Extracted records:

-- Opening Marker --

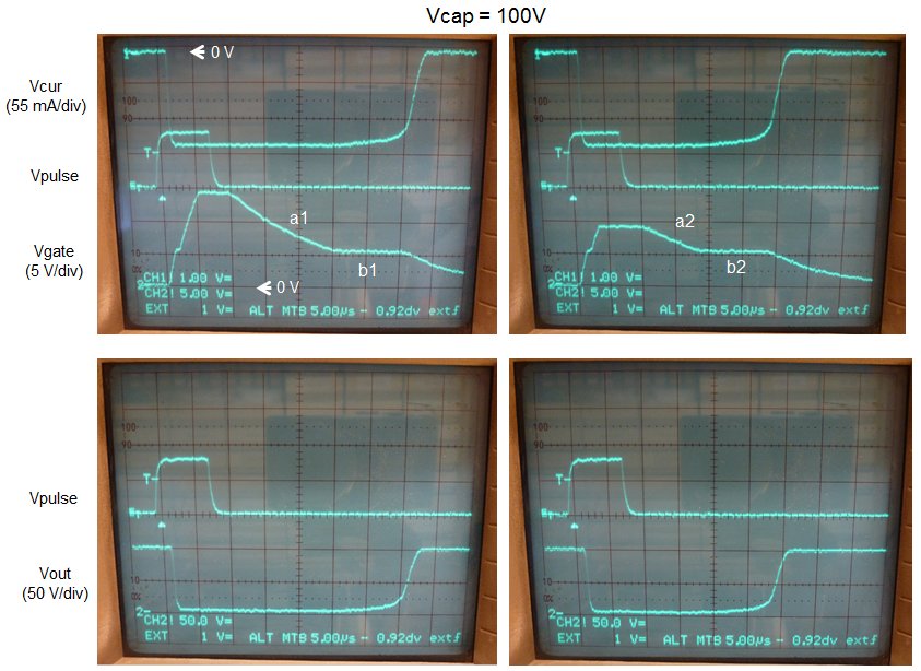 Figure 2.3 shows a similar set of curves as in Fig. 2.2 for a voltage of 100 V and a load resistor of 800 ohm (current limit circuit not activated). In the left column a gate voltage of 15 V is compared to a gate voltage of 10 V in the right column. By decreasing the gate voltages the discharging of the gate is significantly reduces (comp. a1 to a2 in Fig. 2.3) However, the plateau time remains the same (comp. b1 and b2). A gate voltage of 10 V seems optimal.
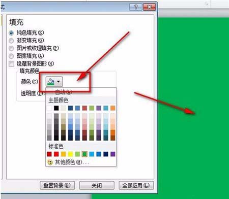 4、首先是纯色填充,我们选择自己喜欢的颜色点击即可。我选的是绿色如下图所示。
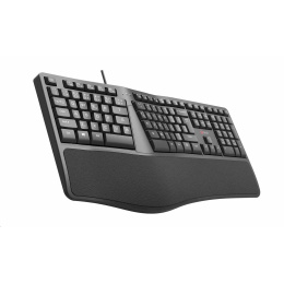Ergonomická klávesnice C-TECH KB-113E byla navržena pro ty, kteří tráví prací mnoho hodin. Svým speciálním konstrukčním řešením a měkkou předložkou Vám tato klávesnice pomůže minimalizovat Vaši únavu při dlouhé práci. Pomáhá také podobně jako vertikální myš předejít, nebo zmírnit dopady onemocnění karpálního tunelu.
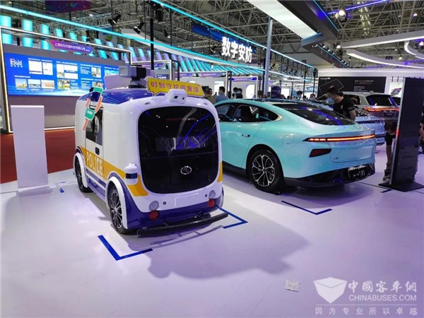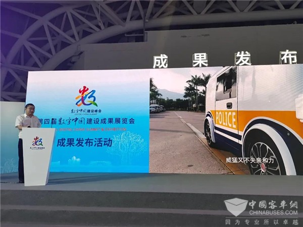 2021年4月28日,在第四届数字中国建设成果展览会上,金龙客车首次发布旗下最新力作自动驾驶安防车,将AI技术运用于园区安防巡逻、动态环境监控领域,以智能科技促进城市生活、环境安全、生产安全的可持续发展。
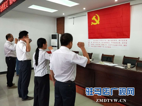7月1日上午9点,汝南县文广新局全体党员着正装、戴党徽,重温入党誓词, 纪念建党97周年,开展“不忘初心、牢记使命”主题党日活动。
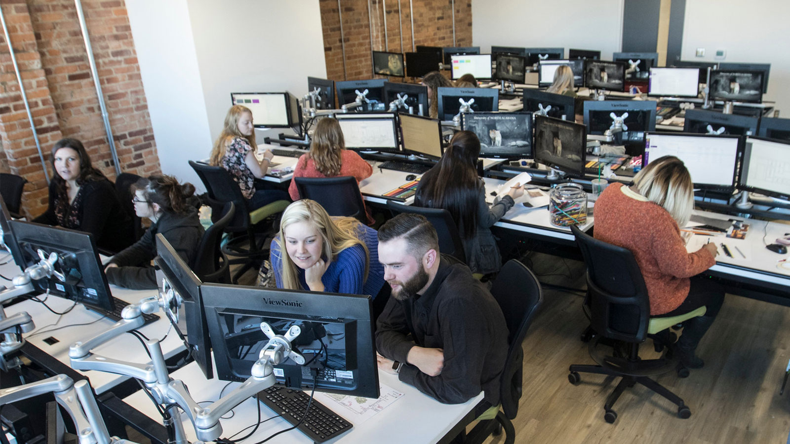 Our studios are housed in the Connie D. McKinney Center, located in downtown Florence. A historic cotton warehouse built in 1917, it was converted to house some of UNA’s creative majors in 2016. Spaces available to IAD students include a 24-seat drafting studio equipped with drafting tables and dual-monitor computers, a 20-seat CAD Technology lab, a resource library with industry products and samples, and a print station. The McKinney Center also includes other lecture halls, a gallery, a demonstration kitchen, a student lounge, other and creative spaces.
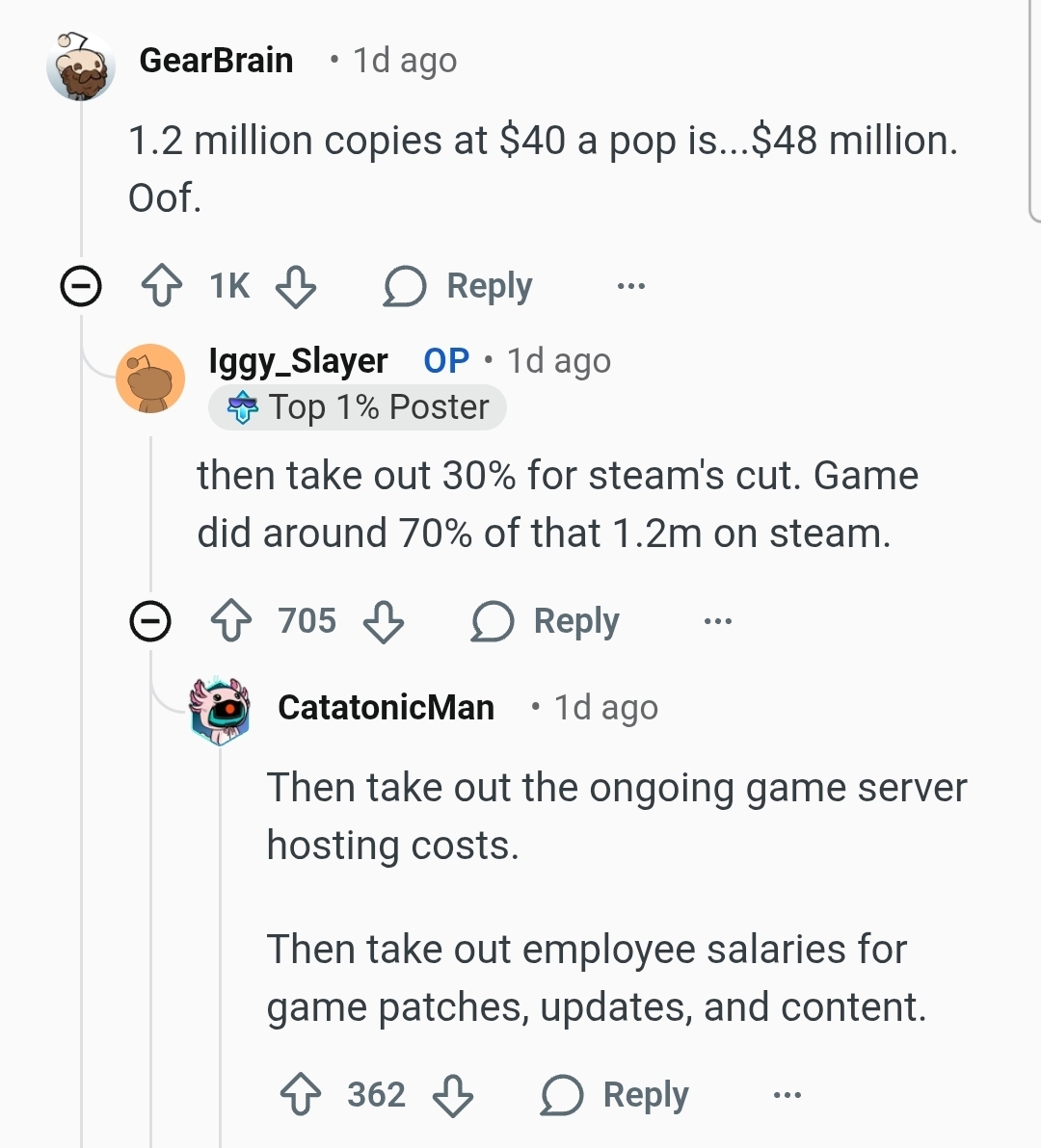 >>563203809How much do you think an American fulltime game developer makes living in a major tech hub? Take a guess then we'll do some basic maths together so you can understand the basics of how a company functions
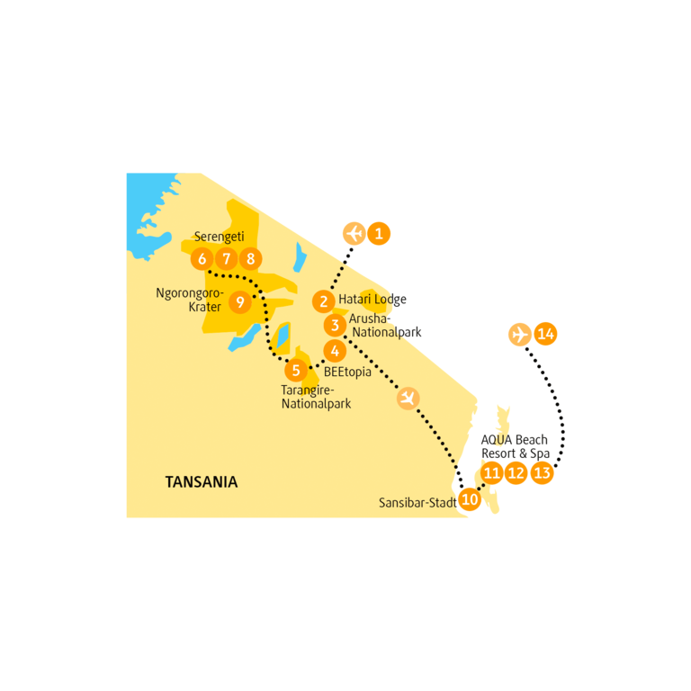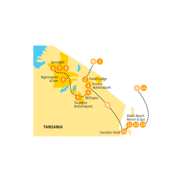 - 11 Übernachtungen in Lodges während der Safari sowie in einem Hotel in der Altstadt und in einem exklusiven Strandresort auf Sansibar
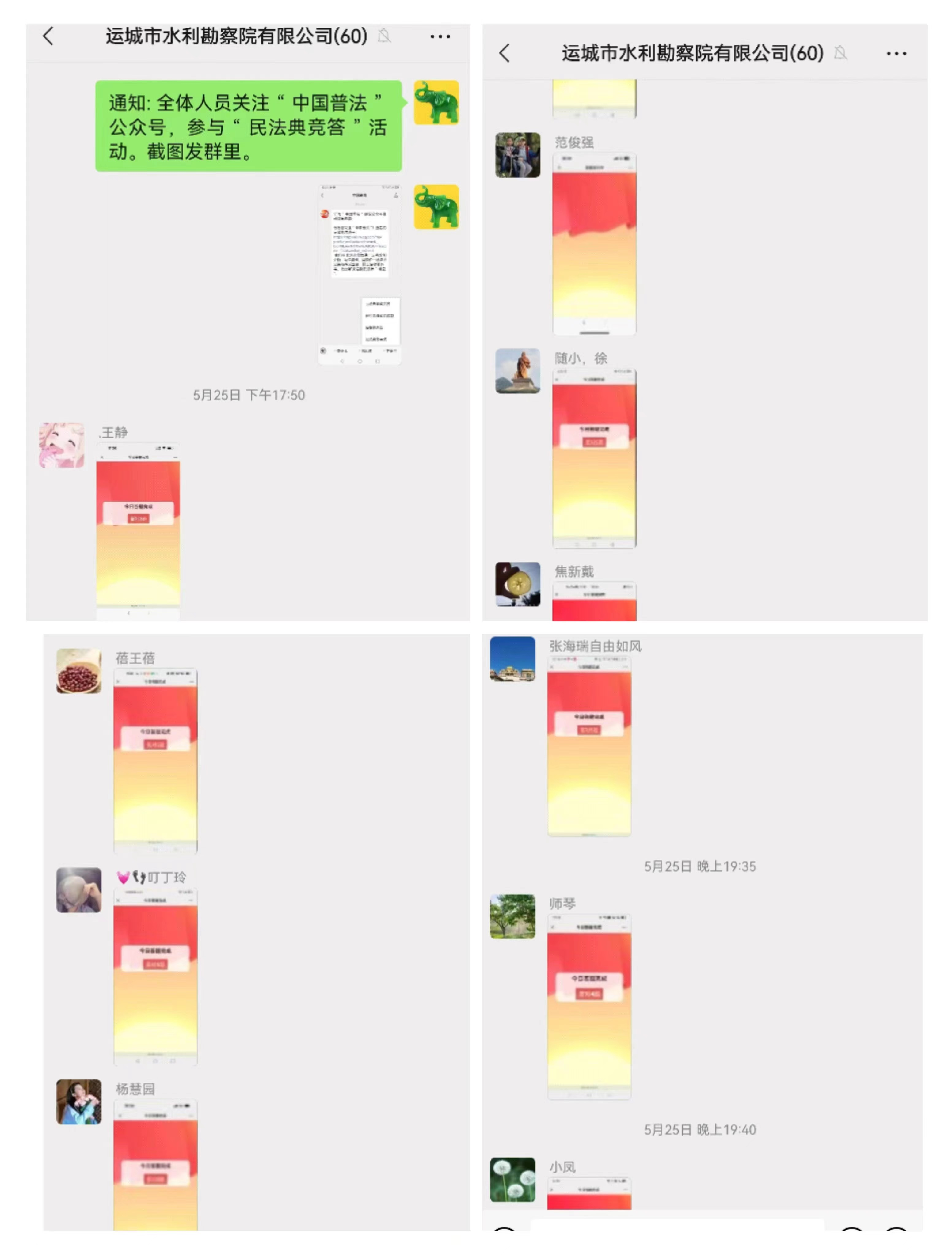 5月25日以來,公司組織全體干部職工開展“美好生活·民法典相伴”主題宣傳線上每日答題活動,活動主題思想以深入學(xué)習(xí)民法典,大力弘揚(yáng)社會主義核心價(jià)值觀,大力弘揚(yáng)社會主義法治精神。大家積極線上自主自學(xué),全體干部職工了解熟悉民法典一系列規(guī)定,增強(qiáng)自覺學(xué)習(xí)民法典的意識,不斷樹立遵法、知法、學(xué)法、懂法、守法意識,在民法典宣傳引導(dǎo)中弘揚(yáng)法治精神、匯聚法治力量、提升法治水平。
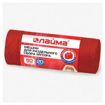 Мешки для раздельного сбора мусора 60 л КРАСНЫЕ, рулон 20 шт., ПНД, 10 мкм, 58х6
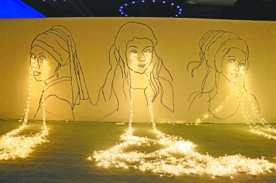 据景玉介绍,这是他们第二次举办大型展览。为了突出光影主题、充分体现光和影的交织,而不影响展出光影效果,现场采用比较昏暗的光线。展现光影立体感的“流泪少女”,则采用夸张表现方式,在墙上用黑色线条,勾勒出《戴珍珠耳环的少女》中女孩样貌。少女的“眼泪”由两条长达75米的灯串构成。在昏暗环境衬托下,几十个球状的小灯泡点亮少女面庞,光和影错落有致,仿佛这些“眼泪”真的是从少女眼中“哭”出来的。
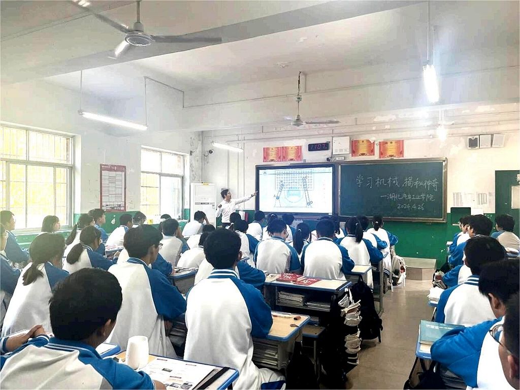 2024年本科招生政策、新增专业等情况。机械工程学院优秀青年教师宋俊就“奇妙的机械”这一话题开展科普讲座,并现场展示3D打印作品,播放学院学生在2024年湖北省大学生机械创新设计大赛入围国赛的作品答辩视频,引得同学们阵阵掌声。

-- Closing Marker --

**What is expected:** When you repeat the records, reproduce each line exactly and drop the images.

**Reply to the exercise:**
 Figure 2.3 shows a similar set of curves as in Fig. 2.2 for a voltage of 100 V and a load resistor of 800 ohm (current limit circuit not activated). In the left column a gate voltage of 15 V is compared to a gate voltage of 10 V in the right column. By decreasing the gate voltages the discharging of the gate is significantly reduces (comp. a1 to a2 in Fig. 2.3) However, the plateau time remains the same (comp. b1 and b2). A gate voltage of 10 V seems optimal.
 4、首先是纯色填充,我们选择自己喜欢的颜色点击即可。我选的是绿色如下图所示。
Ergonomická klávesnice C-TECH KB-113E byla navržena pro ty, kteří tráví prací mnoho hodin. Svým speciálním konstrukčním řešením a měkkou předložkou Vám tato klávesnice pomůže minimalizovat Vaši únavu při dlouhé práci. Pomáhá také podobně jako vertikální myš předejít, nebo zmírnit dopady onemocnění karpálního tunelu.
 2021年4月28日,在第四届数字中国建设成果展览会上,金龙客车首次发布旗下最新力作自动驾驶安防车,将AI技术运用于园区安防巡逻、动态环境监控领域,以智能科技促进城市生活、环境安全、生产安全的可持续发展。
7月1日上午9点,汝南县文广新局全体党员着正装、戴党徽,重温入党誓词, 纪念建党97周年,开展“不忘初心、牢记使命”主题党日活动。
 Our studios are housed in the Connie D. McKinney Center, located in downtown Florence. A historic cotton warehouse built in 1917, it was converted to house some of UNA’s creative majors in 2016. Spaces available to IAD students include a 24-seat drafting studio equipped with drafting tables and dual-monitor computers, a 20-seat CAD Technology lab, a resource library with industry products and samples, and a print station. The McKinney Center also includes other lecture halls, a gallery, a demonstration kitchen, a student lounge, other and creative spaces.
 >>563203809How much do you think an American fulltime game developer makes living in a major tech hub? Take a guess then we'll do some basic maths together so you can understand the basics of how a company functions
 - 11 Übernachtungen in Lodges während der Safari sowie in einem Hotel in der Altstadt und in einem exklusiven Strandresort auf Sansibar
 5月25日以來,公司組織全體干部職工開展“美好生活·民法典相伴”主題宣傳線上每日答題活動,活動主題思想以深入學(xué)習(xí)民法典,大力弘揚(yáng)社會主義核心價(jià)值觀,大力弘揚(yáng)社會主義法治精神。大家積極線上自主自學(xué),全體干部職工了解熟悉民法典一系列規(guī)定,增強(qiáng)自覺學(xué)習(xí)民法典的意識,不斷樹立遵法、知法、學(xué)法、懂法、守法意識,在民法典宣傳引導(dǎo)中弘揚(yáng)法治精神、匯聚法治力量、提升法治水平。
 Мешки для раздельного сбора мусора 60 л КРАСНЫЕ, рулон 20 шт., ПНД, 10 мкм, 58х6
 据景玉介绍,这是他们第二次举办大型展览。为了突出光影主题、充分体现光和影的交织,而不影响展出光影效果,现场采用比较昏暗的光线。展现光影立体感的“流泪少女”,则采用夸张表现方式,在墙上用黑色线条,勾勒出《戴珍珠耳环的少女》中女孩样貌。少女的“眼泪”由两条长达75米的灯串构成。在昏暗环境衬托下,几十个球状的小灯泡点亮少女面庞,光和影错落有致,仿佛这些“眼泪”真的是从少女眼中“哭”出来的。
 2024年本科招生政策、新增专业等情况。机械工程学院优秀青年教师宋俊就“奇妙的机械”这一话题开展科普讲座,并现场展示3D打印作品,播放学院学生在2024年湖北省大学生机械创新设计大赛入围国赛的作品答辩视频,引得同学们阵阵掌声。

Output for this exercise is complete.